What is tested in TNTET English Language Paper I and Paper II?

TNTET English Language questions appear in both Paper I (Language II, for primary teachers) and Paper II (Language II, for upper primary teachers). Both papers test: English grammar (tenses, articles, prepositions, parts of speech), vocabulary (synonyms, antonyms, contextual meaning), reading comprehension, and language pedagogy (ELT methods like CLT, TBLT, Whole Language Approach, error correction strategies, four language skills LSRW, formative assessment). Paper II typically has deeper pedagogy questions aligned with upper primary teaching contexts.

Which English Language Teaching (ELT) methods are most important for TNTET?

The most frequently tested ELT methods in TNTET are: Communicative Language Teaching (CLT) — emphasises real communication over grammar drills; Task-Based Language Teaching (TBLT) — language learned through authentic tasks; Whole Language Approach — integrated, holistic teaching of all four skills; Grammar Translation Method (GTM) — translation and grammar rules (traditional, often presented as what CLT replaced); and Direct Method — target language only, no translation.
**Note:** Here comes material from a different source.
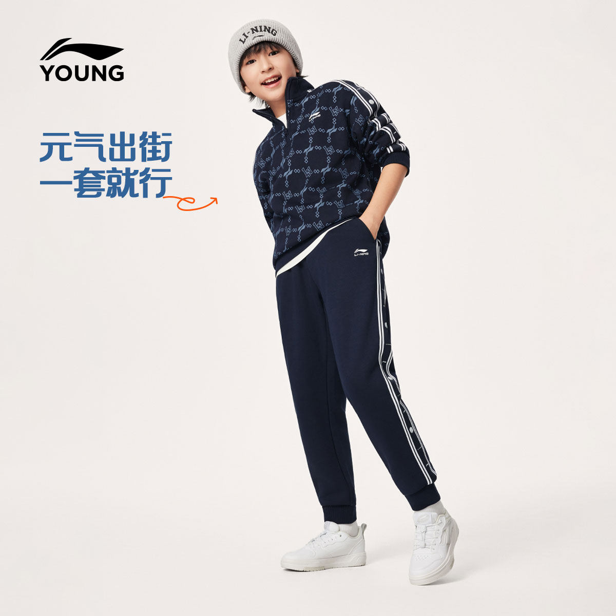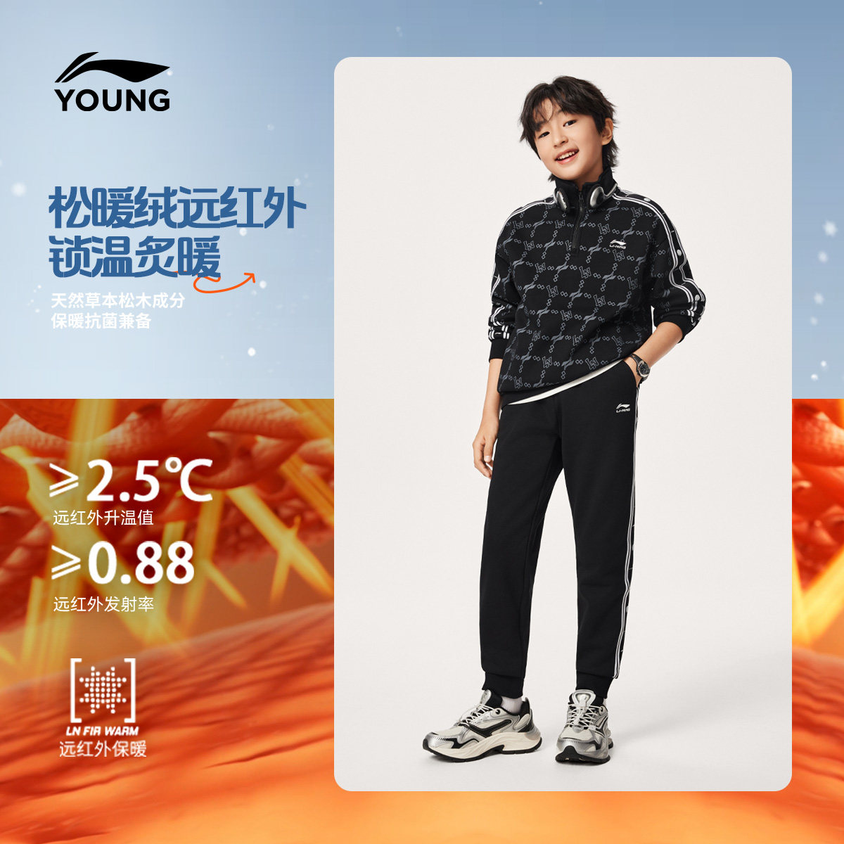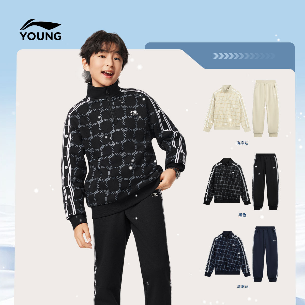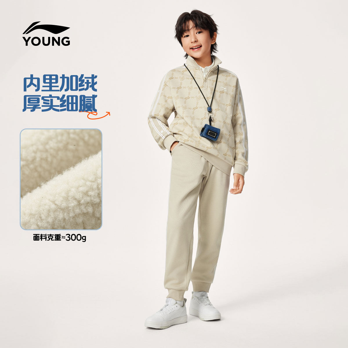 李宁童装套装男大童青少年运动生活系列冬季加绒保暖休闲针织童装

Also understand process writing, reading strategies (skimming vs scanning), and error correction techniques (recasting, metalinguistic feedback).

How should TNTET candidates approach grammar questions in the English section?

TNTET English grammar questions test application, not just rule memorisation. Focus on: tense usage in context (especially Present Perfect vs Simple Past), articles (based on sound, not spelling), prepositions (collocations like "impressed by," "afraid of," "good at"), parts of speech in sentences (identifying adverbs vs adjectives), and subject-verb agreement. Practice by reading sentences carefully and applying the rule to the specific context. For vocabulary, learn words in sentences — TNTET tests contextual meaning, synonyms, and antonyms, not isolated word lists.